Nevertheless, PostgreSQL performs a Sequential Scan on the table and then
performs a sort.

Am I missing something?

Jonathan Blitz

Search Discussions

  • Thom Brown at Nov 22, 2009 at 1:11 pm
    2009/11/22 Jonathan Blitz <jblitz@013.net>
    I have a table with a number of columns.

    I perform

    Select *
    from table
    order by a,b

    There is an index on a,b which is clustered (as well as indexes on a and b
    alone).
    I have issued the cluster and anyalze commands.

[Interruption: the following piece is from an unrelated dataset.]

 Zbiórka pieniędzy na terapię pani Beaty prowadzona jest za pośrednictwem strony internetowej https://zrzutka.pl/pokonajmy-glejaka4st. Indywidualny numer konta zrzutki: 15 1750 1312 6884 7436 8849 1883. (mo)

    Nevertheless, PostgreSQL performs a Sequential Scan on the table and then
    performs a sort.
    Am I missing something?

    Jonathan Blitz
    It depends on firstly the size of the table, and also the distribution of
    data in columns a and b. If the stats for that table knows that the table
    has a natural order (i.e. they happen to be in roughly the order you've
    asked for them in), or the table isn't big enough to warrant using an index,
    then it won't bother using one. It will pick whichever it believes to be
    the most efficient method.

    Regards

    Thom
  • Craig Ringer at Nov 22, 2009 at 1:25 pm

    On 22/11/2009 8:50 PM, Jonathan Blitz wrote:
    I have a table with a number of columns.

    I perform

    Select *
    from table
    order by a,b

    There is an index on a,b which is clustered (as well as indexes on a and
    b alone).
    I have issued the cluster and anyalze commands.

    Nevertheless, PostgreSQL performs a Sequential Scan on the table and
    then performs a sort.
    PostgreSQL's query planner probably thinks it'll be faster to read the
    pages off the disk sequentially then sort them in memory. To use an
    index instead, Pg would have to read the whole index from disk
    (sequentially) then fetch all the pages off the disk in a probably
    near-random order. So it'd be doing more disk I/O, and much more of it
    would be random I/O, which is a LOT slower.

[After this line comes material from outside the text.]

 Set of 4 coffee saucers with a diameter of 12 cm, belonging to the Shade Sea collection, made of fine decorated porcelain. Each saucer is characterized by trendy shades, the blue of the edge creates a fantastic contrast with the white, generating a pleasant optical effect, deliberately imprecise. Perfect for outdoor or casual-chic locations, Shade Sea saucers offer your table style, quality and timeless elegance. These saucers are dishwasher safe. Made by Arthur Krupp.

    So Pg does it the fast way, reading the table into memory then sorting
    it there.

    The most important thing to understand is that sometimes, a sequential
    scan is just the fastest way to do the job.

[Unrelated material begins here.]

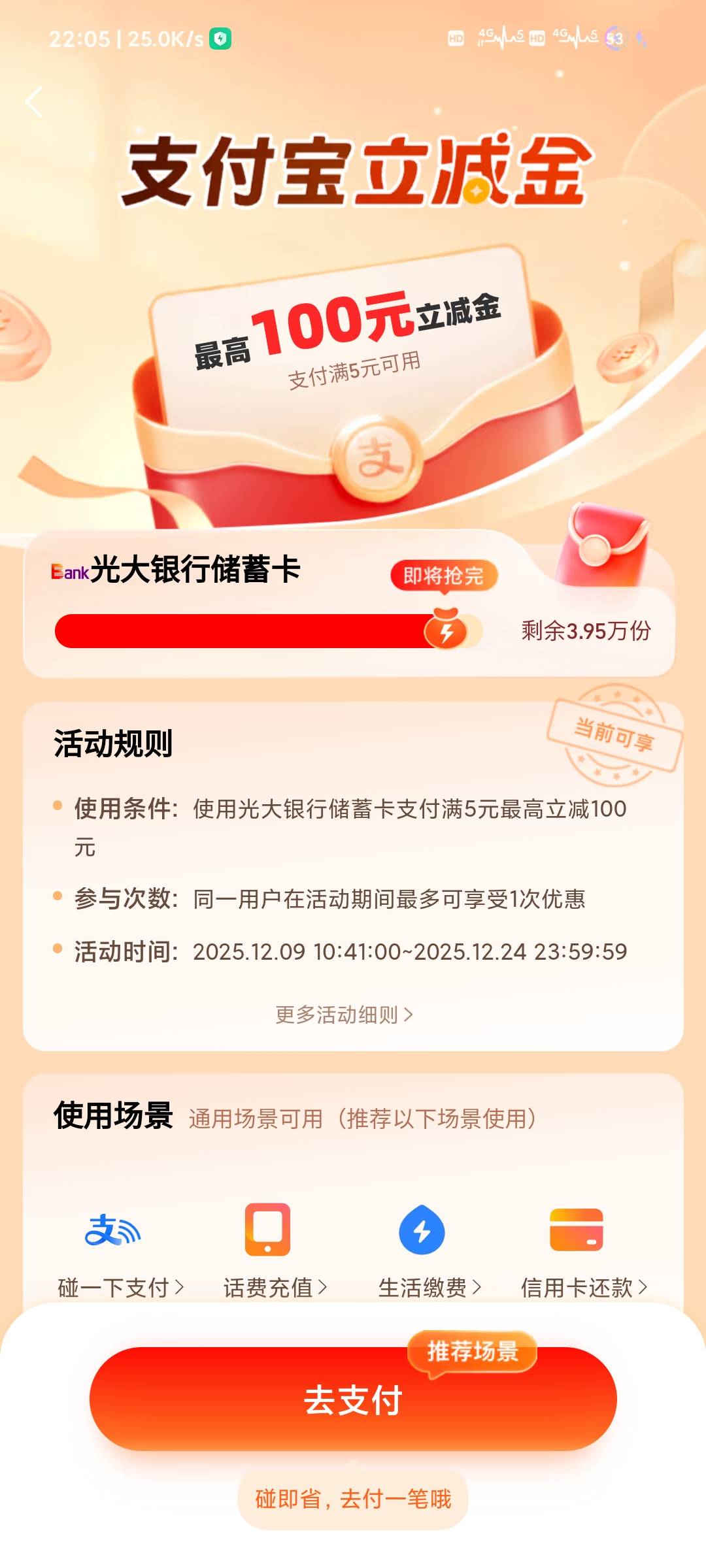 勾槽的支付宝,老哥们前两年刷最高立减优惠基本上人人都刷出来过大包,然后上一年暗改后就没见过有老哥发帖刷出来大包了,除了那些固定的立减,这些最高减66,88,100的真就成摆设了,只能刷出来最低那一档,刷到活动结束都刷不出来大包

    I suspect you're working on the assumption that Pg can get all the data
    it needs from the index, so it doesn't need to read the tables proper.
    In some other database systems this *might* be possible if you had an
    index on fields "a" and "b" and issued a "select a,b from table" instead
    of a "select *". PostgreSQL, though, can not do this. PostgreSQL's
    indexes do not contain all the information required to return values
    from queries, only enough information to find the places in the main
    tables where those values are to be found.

    If you want to know more and understand why that's the case, search for
    the phrase "covered index" and the words "index visibility". Suffice it
    to say that there are pretty good reasons why it works how it does, and
    there would be very large downsides to changing how it works as well as
    large technical problems to solve to even make it possible. It's to do
    with the trade-off between update/insert/delete speeds and query speeds,
    the cost of "fatter" indexes taking longer to read from disk, and lots more.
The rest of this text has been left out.